Situations like this are common where predictors are correlated and typically involve imprecise estimates, due to large standard errors, or unstable estimates that are sensitive to changes in relatively few data points. The problems are more severe the greater the degree of association among the predictors with the most severe form occurring when there is a perfect linear relationship between them. The term collinearity, strictly speaking, refers to this extreme case, although its usage has now been extended to cover less than perfect association. In observational research, true collinearity is very rare and apparent examples are much more likely to be due to model mispecification.
Perhaps by analogy with true collinearity, collinearity in the looser sense is often treated as a technical problem and one to be overcome by technical means, for example: variable selection, principal component scores, or techniques like ridge regression. However, it can also be viewed as an issue of interpretation. Singh-Manoux and colleagues take this line describing the negative conditional effect of education as misleading although not erroneous and they add it is plausible to believe that the better educated have poorer psychosocial health than those less educated given that they have achieved the same income and occupational status. With correlated predictors, it is the subjects who do not conform to the pattern that provide information about the conditional effects and, for highly correlated predictors, these may be few in number and heterogeneous. In such cases it can be useful to ask who are these people and why are they exceptional? and even to examine the data for possible answers. Substantial measurement error may be one answer.
In contrast to the technical remedies for collinearity, the solution proposed by Singh-Manoux and colleagues imposes a temporal ordering on the predictors, which yields more plausible results.
For those inclined towards a life course approach this may be particularly appealing. Theoretically important variables are retained rather than being dropped or rendered less interpretable as principal component scores and they are ordered, or structured, to represent a theoretically based model. Add to these advantages the prospect that regression dilution can be reduced by employing latent variables, and the use of full information maximum likelihood to reduce the impact of missing values, and structural equation models (SEM) begin to seem attractive indeed.
Why then are they still under-utilized in epidemiology? Unfamiliar terminology and methods? The fact that some (LISREL) models appear to be formulated entirely in Greek? Or the dozens of vicariously related fit statistics? More probably it is because the most popular SEM programs (LISREL, EQS and AMOS) lack many of the basic features available in general or generalized linear models.

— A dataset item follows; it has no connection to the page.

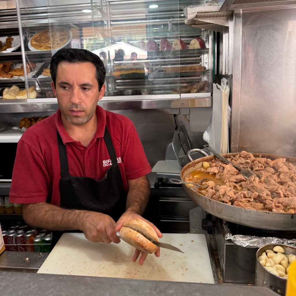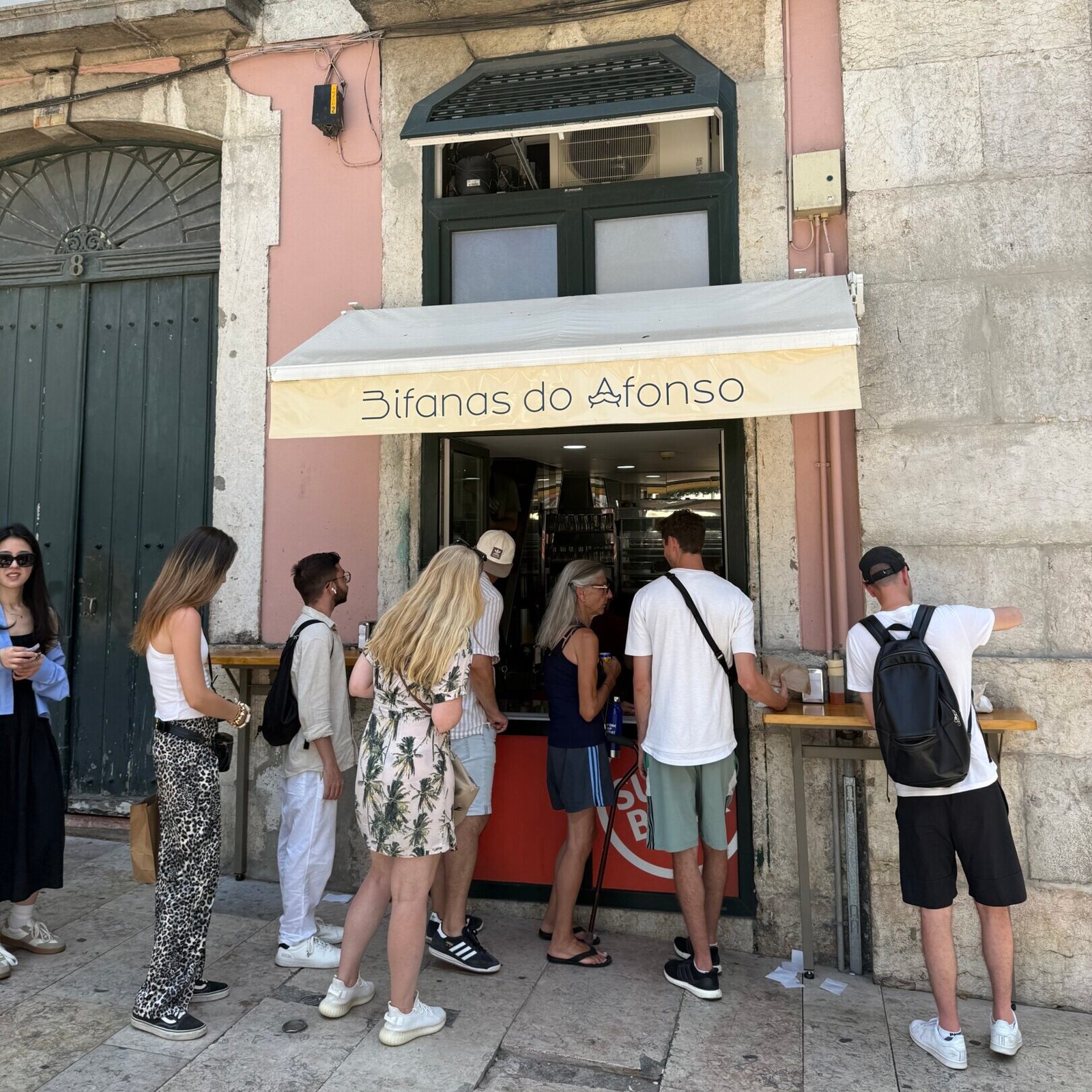 On Rua da Madalena 146, As Bifanas do Afonso is one of Lisbon’s great takeaway institutions, known for its slow-braised pork bifana. Thin slices of pork are simmered in white wine, garlic, bay leaf and lard until tender, then served in a warm, crisp roll — simple, deeply comforting and unmistakably Lisbon.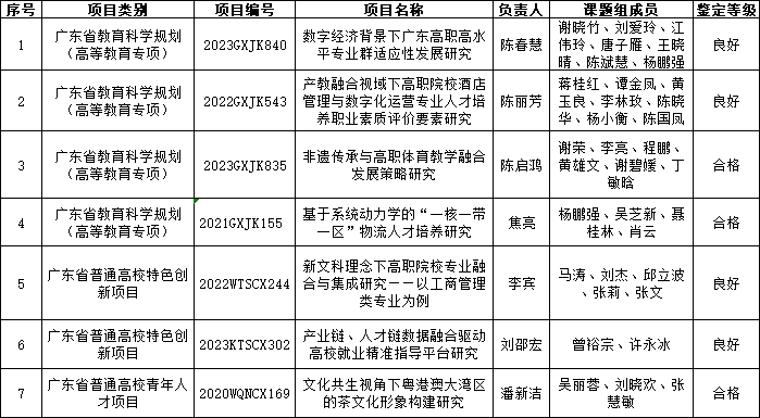 近日,经广东省教育科学规划领导小组及广东省教育厅结项评审会议评审鉴定,我校4项教育科学规划项目、2项特色创新项目及1项青年人才项目顺利结项,特此祝贺!

Structural equation models, in common with many other multivariate techniques, assume that all the variables employed are continuously and normally distributed. Adhering strictly to this assumption would severely restrict their use and exclude some of the control variables routinely included in models for other health outcomes, e.g. sex, social class, and smoking. The paper by Singh-Manoux et al. typifies the more pragmatic use of SEM. None of their predictors are continuous and some of the data are not normally distributed so that the results are checked using distribution free methods. The one dichotomous variable, sex, is handled partly by separate analysis and partly by multi-group analysis: a technique whereby the separate covariance matrices for subgroups are analysed jointly and subgroup differences are modelled by imposing or relaxing across group constraints. However, multi-group analysis is usually confined to a single variable. It is not uncommon to see published models that simply include dichotomous variables, like sex, as if they were continuous normal covariates, with or without the usual advice to treat the results with caution (How much caution?). What would a newcomer make of a method whose practitioners frequently flout its basic assumptions? What if they were also told that there is debate about how to include interactions and non-linear relationships into such models?3
Then there is the problem of equivalent models. In the paper, models II and III are equivalentthat is, they both fit the data equally well. But model III is not the only other model equivalent to model II. Take Figure 2, for example: the three boxes for the predictors of health could be re-labelled with any of the five other permutations of Education, Occupation and Income and still yield equivalent models. Choosing the most plausible model makes sense, but care must be taken to avoid circular reasoning.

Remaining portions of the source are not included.